Clausule 2714 - Horeca (garantie)
De verzekerde garandeert aan de maatschappij en deze verzekering geschiedt daarom ook op de uitdrukkelijke voorwaarde dat:
1. tenminste om de vijf jaar de elektrische installatie door een erkend elektrotechnisch bureau wordt gecontroleerd of de elektrische installatie voldoet aan de norm NEN l0l0 (veiligheidsvoorschriften voor laagspanningsinstallaties). Voorts dient de elektrische installatie te worden onderhouden overeenkomstig NEN-EN 501l0 (NEN 3140). Levensbedreigende en brandgevaarlijke situaties behoren direct te worden hersteld. De maatschappij dient in het bezit te worden gesteld van een kopie van het certificaat NEN-EN 501l0 (NEN 3140). (...)"
3.7
In de nacht van 15 op 16 oktober 2019 is brand uitgebroken in de winkelruimte van [appellante] .
3.8
Op 17 oktober 2017 heeft CED Nederland B.V (hierna ‘CED’) in opdracht van de verzekeraar een technisch onderzoek ingesteld naar de oorzaak en de omvang van de brand.
3.9
In het rapport Technisch Onderzoek van 8 november 2019 van CED (hierna ‘het CED rapport’) staat, voor zover van belang, het volgende:
"
(...)
3 Onderzoek
3.1
Algemeen
0.46
uur: melding
De brandweer trof een afgesloten winkelruimte aan.
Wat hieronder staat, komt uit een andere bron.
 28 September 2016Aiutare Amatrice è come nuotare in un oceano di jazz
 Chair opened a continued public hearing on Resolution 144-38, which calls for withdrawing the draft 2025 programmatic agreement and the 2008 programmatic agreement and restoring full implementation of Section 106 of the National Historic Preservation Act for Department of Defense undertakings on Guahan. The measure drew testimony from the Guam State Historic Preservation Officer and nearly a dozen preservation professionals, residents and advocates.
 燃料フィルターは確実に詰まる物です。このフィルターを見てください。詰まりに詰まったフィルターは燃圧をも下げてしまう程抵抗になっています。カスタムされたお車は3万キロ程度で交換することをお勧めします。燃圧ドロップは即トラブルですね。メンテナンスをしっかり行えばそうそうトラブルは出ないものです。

De brandweer trof geen bijzonderheden aan. Het in de winkelruimte aanwezige sprinklersysteem is geactiveerd. Hierdoor was de brand nagenoeg al geblust.
Politie en TBO (team brandonderzoek van de brandweer) hebben geen technisch onderzoek ingesteld.
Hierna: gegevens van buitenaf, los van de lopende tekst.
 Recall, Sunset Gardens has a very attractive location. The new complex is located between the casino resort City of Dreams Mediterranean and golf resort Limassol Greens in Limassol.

In de winkel hingen camera's. De camera's toonden echter geen beelden van het ontstaan van de brand en het verloop hiervan.
3.2
Plaats ontstaan brand/oorzaak
Onderzoek 17 oktober 2019 door [naam 1]
(…)
Foto 10. De elektrische bedrading was via een opening het kastje ingevoerd. Ik trof in de houten muurafwerking en in de muur zelf geen materialen aan waarmee de wandcontactdoos en de lasdoos voor de brand bevestigd zouden kunnen zijn geweest. Ook werden er op deze plaats geen uitsparringen aangetroffen.
Verzekerde kon mij niet vertellen of en waar de wandcontactdoos en lasdoos bevestigd zijn geweest. Gelet op bovenstaande leid ik af, dat de wandcontactdoos en de lasdoos of los aan de bedrading hebben gehangen of los op de vloer hebben gelegen.
(...)
Aan de hand van het totale brandbeeld heb ik, [naam 1] , de plaats van het ontstaan van de brand vastgesteld. Deze plaats bevond zich ter hoogte van een houten kastje/houten muurafwerking achter de koelvitrine/toonbank van de winkel.
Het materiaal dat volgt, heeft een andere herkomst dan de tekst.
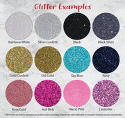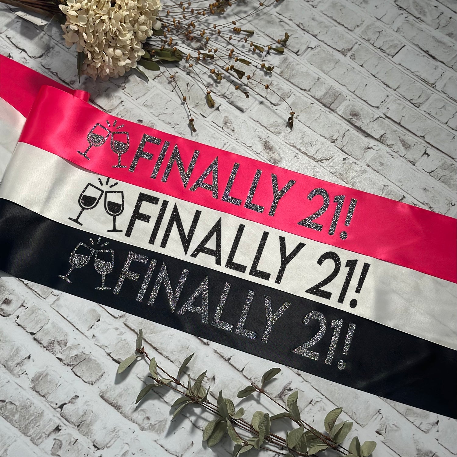 This 86" long sash is offered in 3 various ribbon hues; Hot pink, Black, and White, with a glitter "Finally 21!" with glasses mid cheers in front - displayed across the chest area. An array of glitter options is presented on a color chart. The sash's two angled ends meet at the bottom and can be secured using our Rhinestone safety pin.
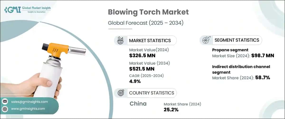 The global blowing torch market size was valued at USD 326.5 million in 2024. The market is expected to grow from USD 340.3 million in 2025 to USD 521.5 million in 2034, at a CAGR of 4.9%. In construction, blowtorches are important tools used for cutting, welding, and soldering during the building of structures. Because cities are growing and new buildings are being constructed, the demand for these tools is increasing.
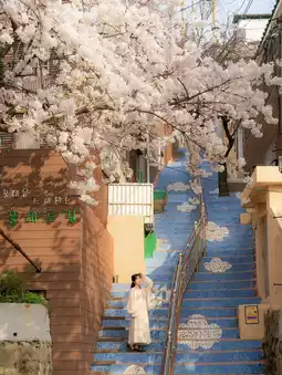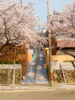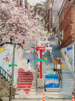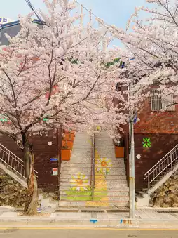Dakbatgol Mural Village, Busan's famous cherry blossom spot with cute staircase murals and cherry blossoms,
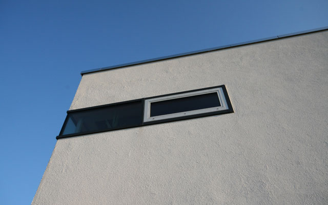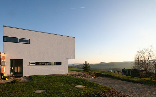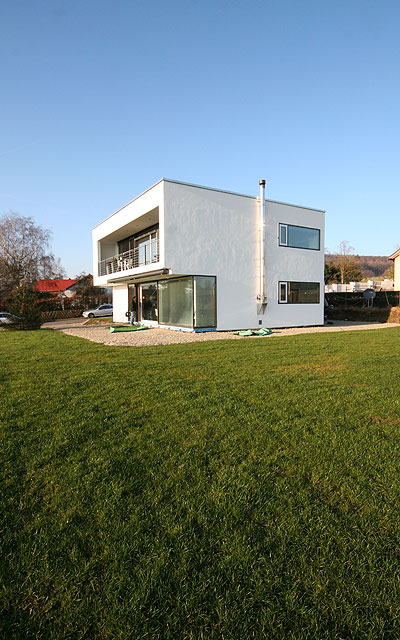 Ein besonderes Merkmal des Einfamilienhauses ist der lang auskragende Balkon. Der zwei- geschossige Massivbau ohne Unterkellerung ist auf einem leichten Hanggrundstück gele- gen. Wohn- und Essbereich bilden einen zentralen offenen Bereich im Erdgeschoss. Eine einläufige Treppe, umfasst von einer Wand- scheibe aus Sichtbeton, führt in das Ober- geschoss, indem sich Schlafräume, Kinderzimmer und Spielgalerie befinden. Erdgeschossig grenzt, direkt an das Wohnhaus, die Doppelgarage, in der Technik- und Geräteraum untergebracht sind.

Aan de hand van het totale brandbeeld, daarbij lettend op de diepe inbrandingen in het houten kastje en de houten muurafwerking heb ik het centrum van de plaats van het ontstaan van de brand vastgesteld.
Binnen het centrum trof ik, [naam 1] , als potentiele inleiders van de brand de restanten van een tafelcontactdoos en van een losse (hangend of liggend) wandcontactdoos met daaraan een gesmolten lasdoos aan. De tafelcontactdoos vertoonde alleen smeltsporen van buitenaf. Deze sloot ik dan ook uit als potentiele inleider van de brand. Sporentechnisch stelde ik vast, dat in één van de aansluitingen van de wandcontactdoos een stekker met randaarde heeft bevonden. Van welke elektrische verbruiker deze stekker is geweest, is mij niet bekend geworden. De stekker van de aangesloten elektrische verbruiker is gelet op het brandbeeld na de brand uit de wandcontactdoos verwijderd.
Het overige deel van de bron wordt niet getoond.